**TASK INPUTS**
= = = =
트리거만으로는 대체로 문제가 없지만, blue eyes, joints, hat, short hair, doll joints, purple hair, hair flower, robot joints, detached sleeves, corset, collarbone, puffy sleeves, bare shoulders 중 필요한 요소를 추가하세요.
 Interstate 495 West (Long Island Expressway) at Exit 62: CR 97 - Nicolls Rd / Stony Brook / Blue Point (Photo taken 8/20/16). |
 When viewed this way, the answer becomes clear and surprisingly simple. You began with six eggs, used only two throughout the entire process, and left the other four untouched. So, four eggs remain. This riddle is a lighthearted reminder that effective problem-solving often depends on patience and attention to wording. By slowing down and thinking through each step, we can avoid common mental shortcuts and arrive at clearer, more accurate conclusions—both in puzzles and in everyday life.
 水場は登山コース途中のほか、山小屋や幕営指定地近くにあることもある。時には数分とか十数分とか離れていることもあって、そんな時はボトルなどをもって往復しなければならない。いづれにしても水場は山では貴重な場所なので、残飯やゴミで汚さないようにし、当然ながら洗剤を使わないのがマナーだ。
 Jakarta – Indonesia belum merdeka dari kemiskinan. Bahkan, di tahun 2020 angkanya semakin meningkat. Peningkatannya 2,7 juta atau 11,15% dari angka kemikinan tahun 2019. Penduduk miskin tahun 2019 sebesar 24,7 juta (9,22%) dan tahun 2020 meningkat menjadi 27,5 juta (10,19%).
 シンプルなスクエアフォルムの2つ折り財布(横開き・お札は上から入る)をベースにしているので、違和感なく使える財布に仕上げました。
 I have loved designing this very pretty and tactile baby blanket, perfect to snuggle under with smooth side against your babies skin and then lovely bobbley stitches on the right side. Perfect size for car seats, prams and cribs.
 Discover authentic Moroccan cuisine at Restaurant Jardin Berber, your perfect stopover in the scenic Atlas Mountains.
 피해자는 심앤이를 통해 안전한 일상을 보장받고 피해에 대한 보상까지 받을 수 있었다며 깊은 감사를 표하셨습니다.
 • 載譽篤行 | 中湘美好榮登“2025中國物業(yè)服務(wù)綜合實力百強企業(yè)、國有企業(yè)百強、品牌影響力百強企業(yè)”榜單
= = = =
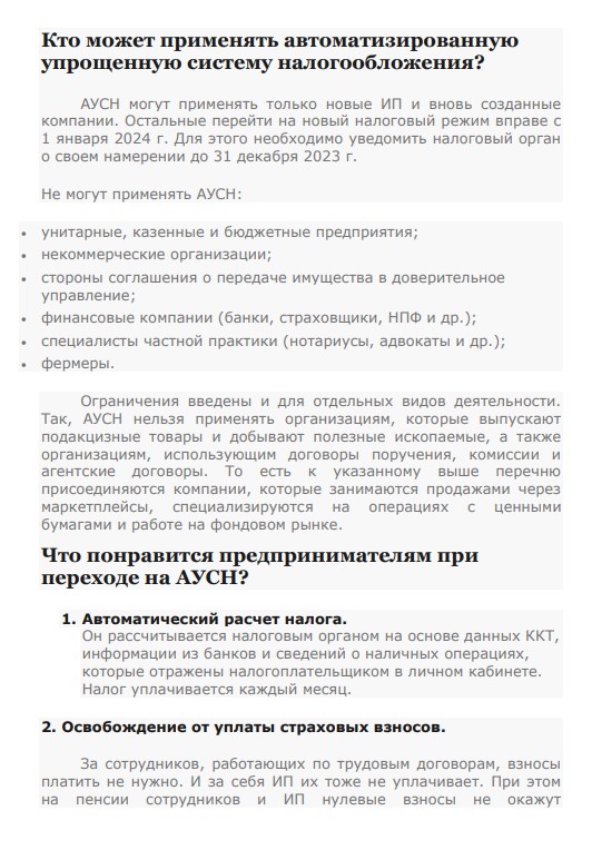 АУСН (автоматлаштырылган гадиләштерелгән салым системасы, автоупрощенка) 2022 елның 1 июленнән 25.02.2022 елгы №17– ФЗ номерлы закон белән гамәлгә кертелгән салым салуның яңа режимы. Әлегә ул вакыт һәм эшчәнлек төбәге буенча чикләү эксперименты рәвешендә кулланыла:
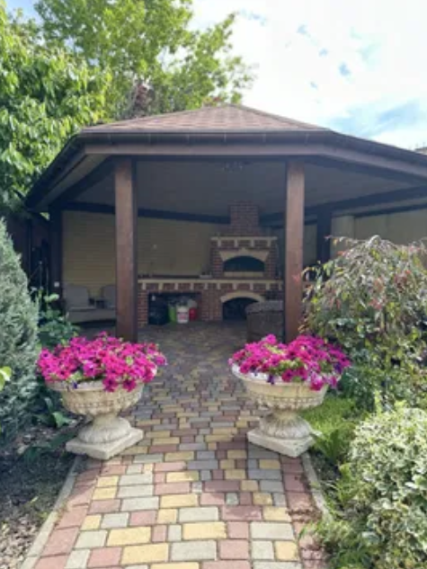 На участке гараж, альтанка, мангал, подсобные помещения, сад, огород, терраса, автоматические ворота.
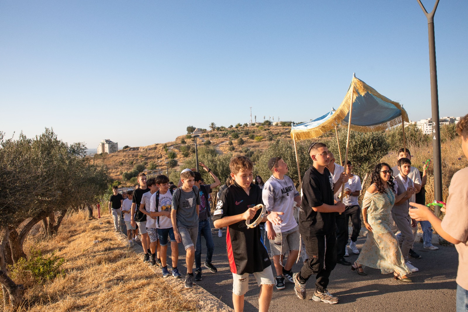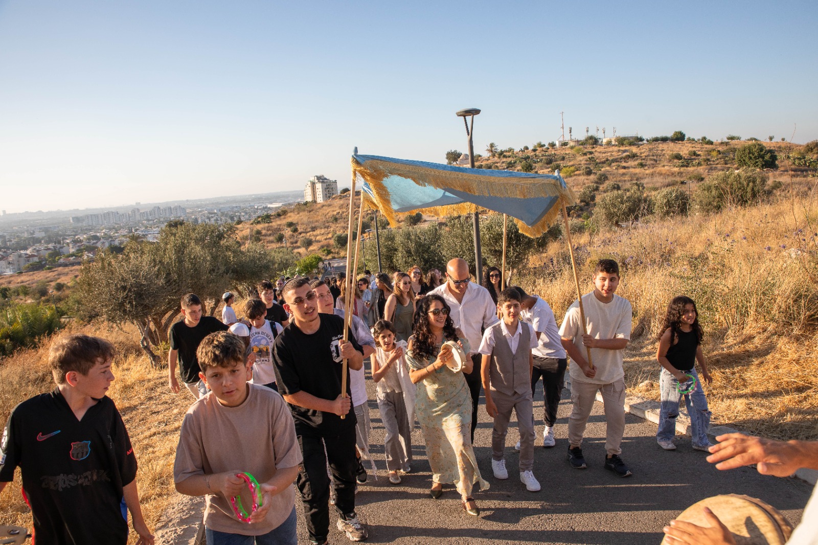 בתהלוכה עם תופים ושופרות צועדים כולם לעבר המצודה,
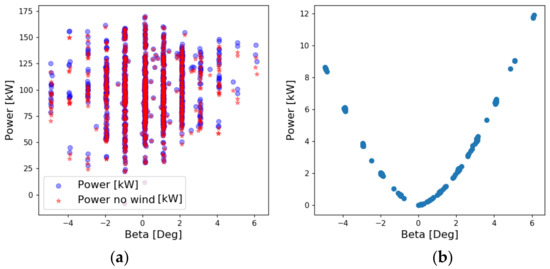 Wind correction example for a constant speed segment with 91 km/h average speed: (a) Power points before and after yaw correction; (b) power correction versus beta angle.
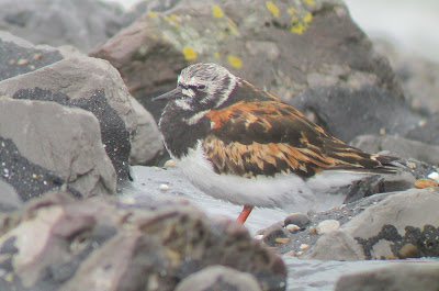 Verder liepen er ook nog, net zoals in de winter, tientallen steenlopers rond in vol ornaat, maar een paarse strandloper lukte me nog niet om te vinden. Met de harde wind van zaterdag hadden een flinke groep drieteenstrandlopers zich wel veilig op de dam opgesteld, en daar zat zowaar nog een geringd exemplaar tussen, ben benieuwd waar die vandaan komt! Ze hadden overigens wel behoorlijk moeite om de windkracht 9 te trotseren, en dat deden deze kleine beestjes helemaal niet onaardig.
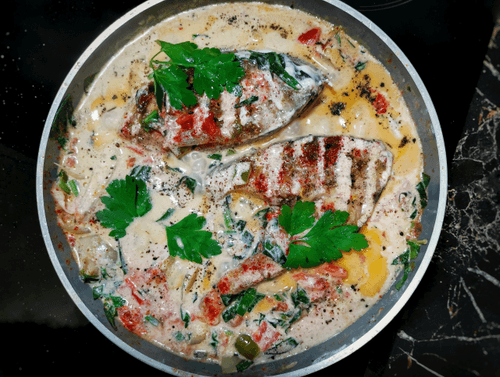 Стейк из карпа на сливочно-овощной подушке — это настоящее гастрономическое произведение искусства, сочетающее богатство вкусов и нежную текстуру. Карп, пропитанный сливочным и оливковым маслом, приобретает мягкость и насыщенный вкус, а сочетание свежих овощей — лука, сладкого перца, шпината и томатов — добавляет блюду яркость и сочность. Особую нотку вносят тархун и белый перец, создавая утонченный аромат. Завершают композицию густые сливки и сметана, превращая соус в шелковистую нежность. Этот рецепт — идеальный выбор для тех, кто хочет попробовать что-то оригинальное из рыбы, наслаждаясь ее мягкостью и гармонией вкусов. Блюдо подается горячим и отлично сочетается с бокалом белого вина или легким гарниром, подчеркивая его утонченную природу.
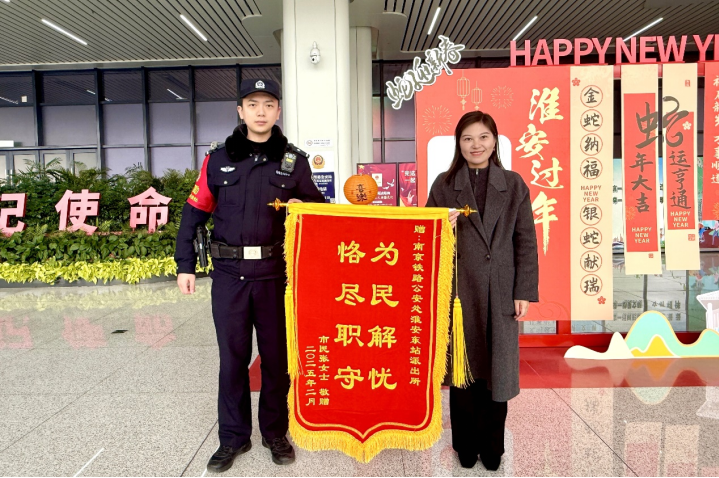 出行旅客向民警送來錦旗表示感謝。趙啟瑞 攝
= = = =
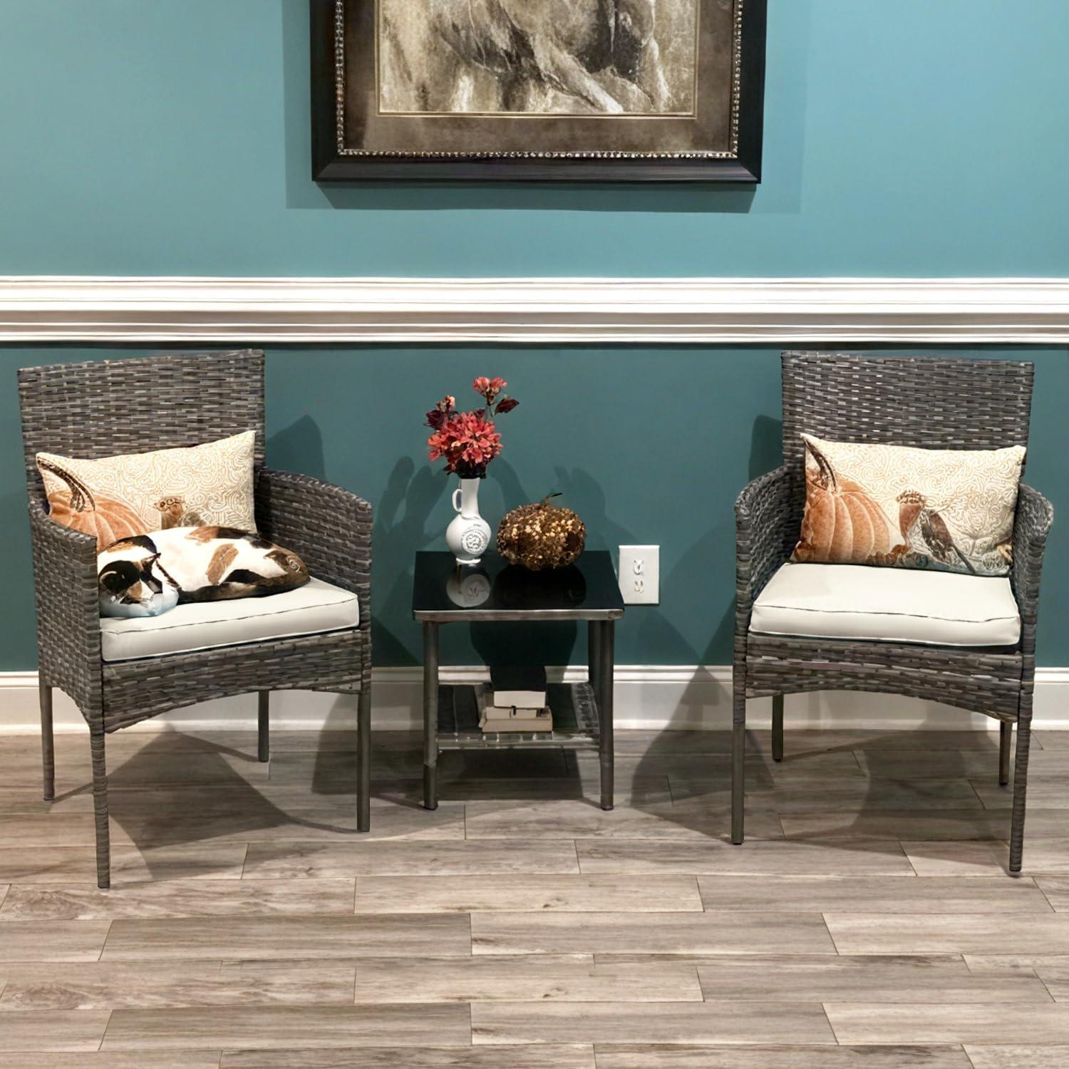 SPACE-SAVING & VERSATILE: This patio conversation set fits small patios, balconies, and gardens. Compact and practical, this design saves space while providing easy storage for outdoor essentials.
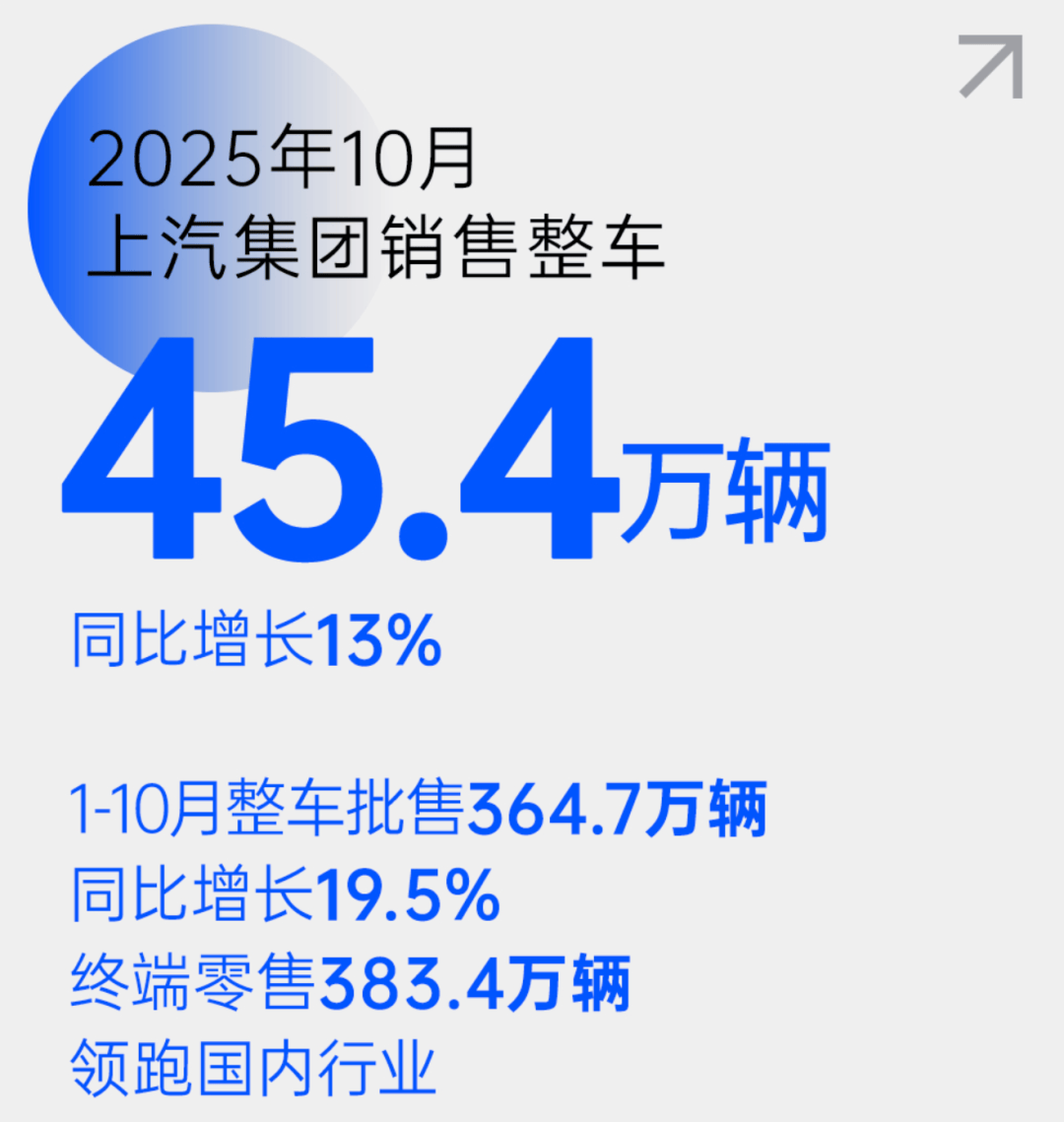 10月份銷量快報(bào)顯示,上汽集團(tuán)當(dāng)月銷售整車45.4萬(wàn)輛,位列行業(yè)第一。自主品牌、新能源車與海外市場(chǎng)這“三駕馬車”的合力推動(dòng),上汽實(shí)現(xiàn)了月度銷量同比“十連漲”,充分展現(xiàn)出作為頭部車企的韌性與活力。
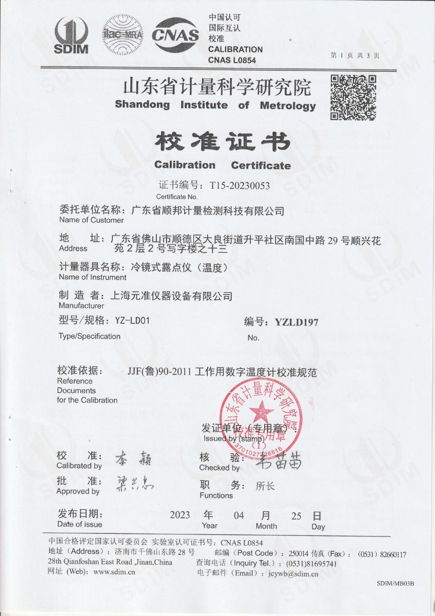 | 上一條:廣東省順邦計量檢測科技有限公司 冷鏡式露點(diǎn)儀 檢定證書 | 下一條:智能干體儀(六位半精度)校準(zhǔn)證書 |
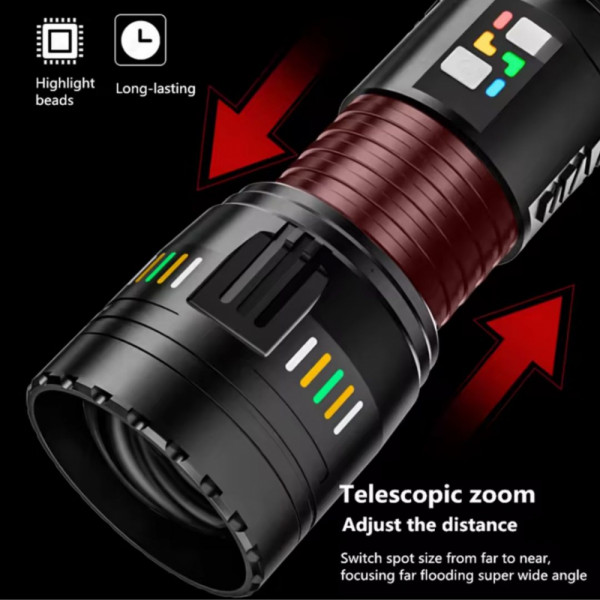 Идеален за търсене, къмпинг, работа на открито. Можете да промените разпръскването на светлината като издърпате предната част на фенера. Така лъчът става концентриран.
= = = =
**WORK TO COMPLETE**
Both boundary lines included, write out word for word only the lines above from the one containing "檢定證書 | 下一條:智能干體儀(六位半精度)校準(zhǔn)證書 |" to the one containing "Идеален за търсене, къмпинг, работа", leaving out any pictures.

**ANSWER BOX**
 | 上一條:廣東省順邦計量檢測科技有限公司 冷鏡式露點(diǎn)儀 檢定證書 | 下一條:智能干體儀(六位半精度)校準(zhǔn)證書 |
 Идеален за търсене, къмпинг, работа на открито. Можете да промените разпръскването на светлината като издърпате предната част на фенера. Така лъчът става концентриран.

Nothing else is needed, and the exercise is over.